DuckDB processing #23

cholmes · 2023-07-28T03:40:43Z

cholmes
Jul 28, 2023

Just wanted to start a thread for people to share any SQL or scripts they're doing with DuckDB with Overture dataset. I picked the buildings category, since that's where I'm working, but consider this open for all. (would be nice to have more discussion categories, like one for 'tools' or something).

I mostly wanted to share my scripts and running notes on queries

Notes: (the repo name is aspirational - I hope to make tutorials, but mostly used this as scratch to remember stuff when my DuckDB history gets lost.)

geoparquet-overture.md. The admin boundaries are actually the more fleshed out there, the buildings stuff I've tried more to turn into scripts.

Scripts:

overture-buildings-parquet-add-columns.py - added quadkey and country_iso as columns to use for partitioning
overture-buildings-by-country.py - one partition attempt. Breaks up by country, orders by quadkey, and outputs valid geoparquet.

My goal with this is to get to valid geoparquet, partitioned on source.coop, building on experiments at https://beta.source.coop/cholmes/google-open-buildings My hope is that it is then much faster to access by geography and get everything, leveraging duckdb & parquet magic. And then to wrap that in a script that lets people input their geometry and desired output format, and it gets it all for them. Ideally the core data would be distributed like this, but I'll aim to prove it out first.

Please everyone share what you're doing with DuckDB - big and small! It can just be nice SQL queries that others might be interested in.

cholmes · 2023-07-28T03:46:18Z

cholmes
Jul 28, 2023
Author

Note that I've run the first script on 2/3's of the data and am trying to upload to source.coop, but my internet is slow. And hoping to get all the data in one duckdb and do a partition to get on source. But I'm on vacation the next couple weeks, and much of it with slow internet, so doubt I'll get everything up. If anyone else has the ability to run those and upload to the cloud go for it.

3 replies

cholmes Jul 30, 2023
Author

A bulk of the data is now up at https://beta.source.coop/cholmes/overture and I've got a basic readme. The rest I think may make it up over the next few days. I have one hive partition folder for the US, since it was too big to process on its own. I hope to split up the rest of the bigger countries (like over 2 gig), and to make a hive partition for each.

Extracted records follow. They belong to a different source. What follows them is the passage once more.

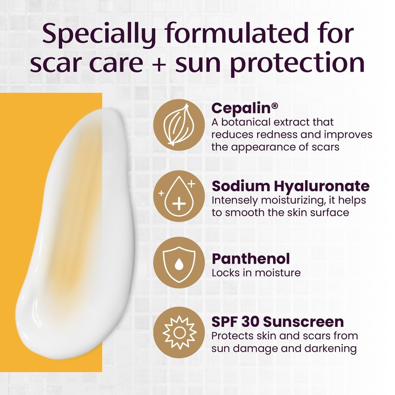 - EFFECTIVE SCAR TREATMENT: With Cepalin botanical extract, for old and new scars caused by: acne, burns, injury, surgery; SPF 30 helps protect scars from sun damage and darkening
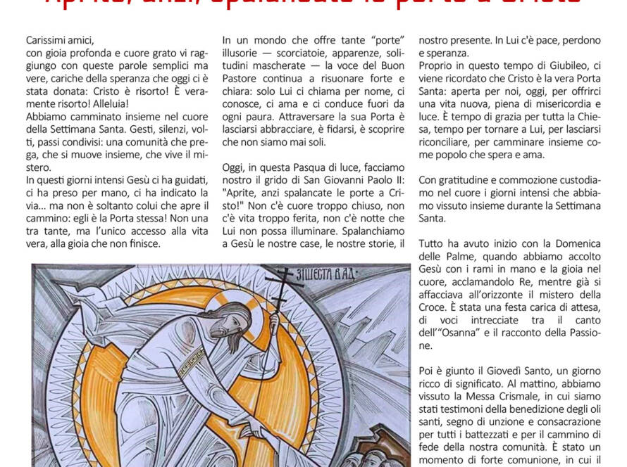 Il diario della nostra famiglia parrocchiale - Anno XV n° 9 - Aprile - Pasqua di Risurrezione 2025 Scarica il file PDF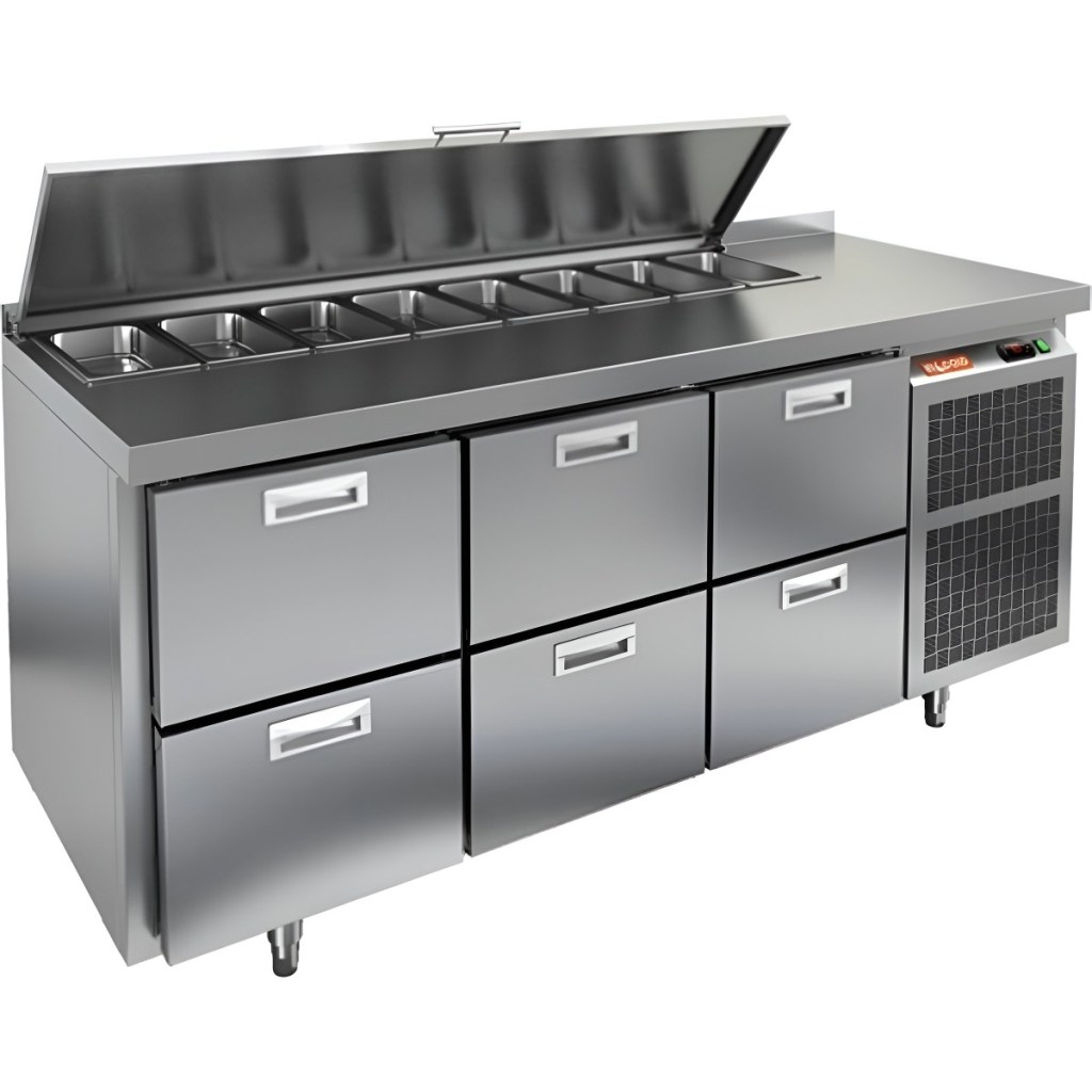 Каталог оборудования Холодильное оборудованиеСтолы охлаждаемыеСтолы холодильные для салатовСтол холодильный для салатов HiCold SL1-222GN (1/3) с крышкой Стол холодильный для салатов HiCold SL1-222GN (1/3) с крышкой Код товара: 064-844 Поделиться: WhatsAppTelegram СравнитьДобавить в КПВ избранное 0 260 092 ₽ В корзину 0 шт Под заказСамовывоз сегодня бесплатно Взять в кредит Купить в лизинг Получить консультацию в WhatsApp Описание Характеристики Отзывы 0 Инструкции 1 Стол холодильный для салатов HiCold SL1-222GN (1/3) предназначен для использования на предприятиях общественного питания и торговли. Он объединяет рабочую поверхность и охлаждаемый отсек, что делает его удобным решением для хранения, охлаждения и подготовки ингредиентов при приготовлении салатов, пиццы и других блюд. Такая конструкция позволяет повару работать быстрее и эффективнее, так как все необходимые продукты находятся под рукой. Корпус и столешница выполнены из прочной нержавеющей стали, устойчивой к коррозии и легко поддающейся санитарной обработке.Металлическая крышка защищает продукты от загрязнений и сохраняет их свежесть. Особенности модели: Электронная панель управления — точная настройка температурного режима. 6 выдвижных ящика — быстрое размещение и замена продуктов. Вместимость салат-бара — до 8 гастроемкостей глубиной до 100 мм. Автоматические доводчики — комфорт при загрузке/выгрузке. Легкозаменяемые магнитные уплотнители — надежная герметичность. Открытая агрегатная часть — быстрый доступ для обслуживания. Регулируемые по высоте ножки — устойчивость даже на неровном полу. Толщина столешницы, борта и теплоизоляции — 50 мм, что обеспечивает прочность и энергоэффективность конструкции. HiCold SL1-222GN (1/3) — практичное и удобное решение для профессиональной кухни, обеспечивающее удобную подготовку и хранение ингредиентов.Изображение товара, представленного на фото, может отличаться от его фактического вида. Показать все Габаритные размеры1835×700×850 ммДиапазон рабочей температурыот +2 до +10 °CРасположение агрегатаБоковое Материал столешницыНержавеющая Тип столаС ящиками Объём505 лТип гастроемкостейGN 1/3 Количество ящиков6 штРазмер полки530×325 ммНапряжение220 ВМощность0,46 кВтТип охлажденияДинамическое Тип оттайкиАвтоматическая СтолешницаС бортом Габариты в упаковке2000×850×1000 ммВес нетто120 кгВес брутто140 кгБрендHicold Оставить отзыв Еще никто не оставил отзыв на этот товар Декларация о соответствии.pdf Ранее просмотрено Под заказ 149 302 ₽ Стол холодильный для салатов HiCold SLE2-111GN (1/6) О З без крышки Под заказ 235 161 ₽ Стол холодильный для салатов HiCold SLE1-222GN (1/3) О без крышки

I've yet to test it much at all, if anyone can run some queries against it and let me know how it goes that'd be awesome. Particularly sub-country level. I suspect the order by quadkey likely will help spatial queries, if you use the BBOX struct.

bdon Jul 31, 2023
Maintainer

Link should be https://beta.source.coop/cholmes/overture right? Thanks for sharing!

cholmes Jul 31, 2023
Author

Yes! Fixed - thanks for catching that.

bdon · 2023-07-28T04:27:14Z

bdon
Jul 28, 2023
Maintainer

Here's how I prepare a CSV file of places for input into tippecanoe from an on-disk copy of the dataset:

COPY (select json_extract(bbox,'$.minx') as x,
        json_extract(bbox,'$.miny') as y,
        json_extract_string(names, '$.common[0].value') as name,
        json_extract_string(categories, '$.main') as category_main,
        from read_parquet('overture/theme=places/type=place/*')) TO 'pois.csv' (HEADER, DELIMITER ',');

Since this is only a point dataset I am just reading two values from the bbox as a shortcut, instead of parsing the WKB geometry.
The json_extract_string is necessary to strip quotes DuckDB likes to put on untyped JSON values.
I run this with duckdb -s query.sql to write out an intermediate .csv. It would be much nicer to have DuckDB read from stdin and write to a stdout piped directly into tippecanoe, but I haven't figured out if there's a right combination of flags to do this.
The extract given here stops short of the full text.